⁵ Norwegian Institute of Bioeconomy Research (NIBIO), P.O. Box 115, 1431, Ås, Norway.

PMID: 27745928
DOI: 10.1016/j.scitotenv.2016.10.056

Abstract

The plant-availability of phosphorus (P) plays a central role in the ability of secondary P resources to replace mineral fertilizer. This is because secondary P plant-availability varies, often with large fractions of residual P that has no immediate fertilization effect. Therefore, if low quality secondary P fertilizers are applied, they will accumulate in soils that, in the long run, may increase the risk of P runoff and eutrophication. Substance flow analyses (SFA), used to identify potentials for improved P management, have not considered this well-known quality barrier. We, therefore, argue that traditional SFA over-estimates the fertilizer potential of secondary P resources. Using Norway as a case, we present a plant-availability extended SFA methodology that integrates SFA and the concept of relative agronomic efficiency. To account for the plant-available soil P stock and long-term soil interactions, we adjust the Norwegian P fertilization demand based on soil P values. We found that, while the method has uncertainties particularly for long-term estimations, it more realistically estimates secondary P fertilizer potentials and is adaptable to other countries.
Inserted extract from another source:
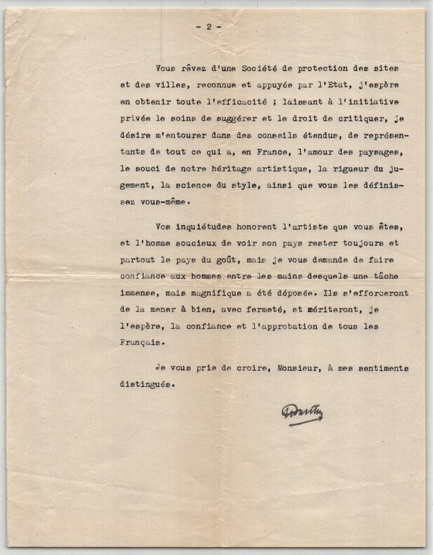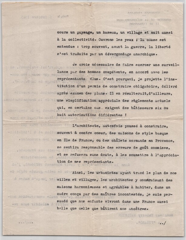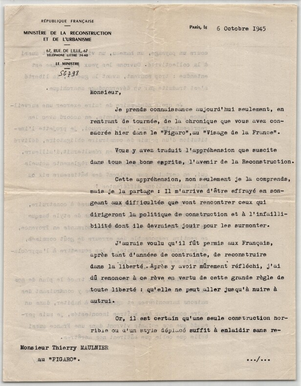 Raoul Dautry. Lettre dactylographiée signée à Thierry Maulnier, Reconstruction de la France et permis de construire, 1945 Très intéressante lettre dactylographiée signée de Raoul Dautry, adressée à Thierry Maulnier, datée du 6 Octobre 1945, à Paris. Rédigée sur deux feuillets de papier vélin. Papier à en-tête officiel du ministère. Dans cette longue lettre de trois pages, Dautry répond à une chronique de Maulnier parue la veille dans Le Figaro (« Le Visage de la France »). Il y développe une réflexion structurée sur les enjeux esthétiques et civiques de la Reconstruction, la tension entre liberté individuelle et intérêt collectif, la nécessité d’un permis de construire, le rôle des architectes et urbanistes, et la protection des paysages et du patrimoine. Le propos, ferme mais argumenté, éclaire la doctrine administrative et culturelle mise en place à l’immédiat après-guerre. Il justifie l'obligation du permis de construire non comme une entrave, mais comme un rempart contre le « dévergondage anarchique » des constructions d'avant-guerre. On y trouve une charge célèbre contre les erreurs de goût : il refuse les « maisons de style basque en Ile de France » ou les « chalets normands en Provence » . Dautry affirme que la liberté individuelle ne doit pas nuire à l'intérêt collectif ni enlaidir le paysage français, qu'il considère comme un patrimoine national. Cette lettre s’inscrit dans le contexte immédiat de la Libération et de la Reconstruction de la France, alors que le pays fait face à des destructions massives, à une pénurie aiguë de logements et à la nécessité de repenser durablement l’aménagement du territoire. Nommé ministre de la Reconstruction et de l’Urbanisme en novembre 1944, Raoul Dautry joue un rôle central dans la mise en place des premières grandes orientations de la politique urbanistique de l’après-guerre. Ancien ingénieur et administrateur des chemins de fer, il défend une approche rationnelle, planifiée et culturellement exigeante de la reconstruction, où l’architecture et l’urbanisme deviennent des instruments d’intérêt général. Le destinataire, Thierry Maulnier, intellectuel influent et chroniqueur au Le Figaro, incarne alors une voix critique attentive aux enjeux esthétiques, moraux et civilisationnels de la France renaissante. Cet échange illustre un moment clé du débat public de 1945, où se confrontent liberté créatrice, responsabilité collective et protection du paysage français, conçu comme un héritage commun à transmettre. Dimensions : 21 x 27,1 cm État : Voir photos et description pour plus de détails. Nombre de pages : 3 pages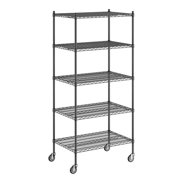 Regency Black Epoxy Mobile Shelving, 5 Shelf – 24" x 36" x 80"

For Norway, we found the overall secondary P fertilizer potential reduced by 6-55% when considering plant-availability. The most important secondary resource was manure, which had the highest P plant-availability and quantities large enough (10.9kt plant-available P/yr) to meet Norway's entire P fertilization demand (5.8kt plant-available P/yr). However, barriers related to its transportability need to be overcome to efficiently use this resource. Fish sludge was also an important product, with 6.1kt plant-available P/yr but with uncertain plant-availability data. We argue that high quality secondary P resources can theoretically meet Norway's P fertilization demand and, therefore, make Norway mineral P independent. However, it is important that their use is carefully regulated based on plant-availability to eliminate the soil accumulation of both available and residual P.

Keywords: Phosphorus; Phosphorus fertilization demand; Plant availability; Relative agronomic efficiency; Substance flow analysis.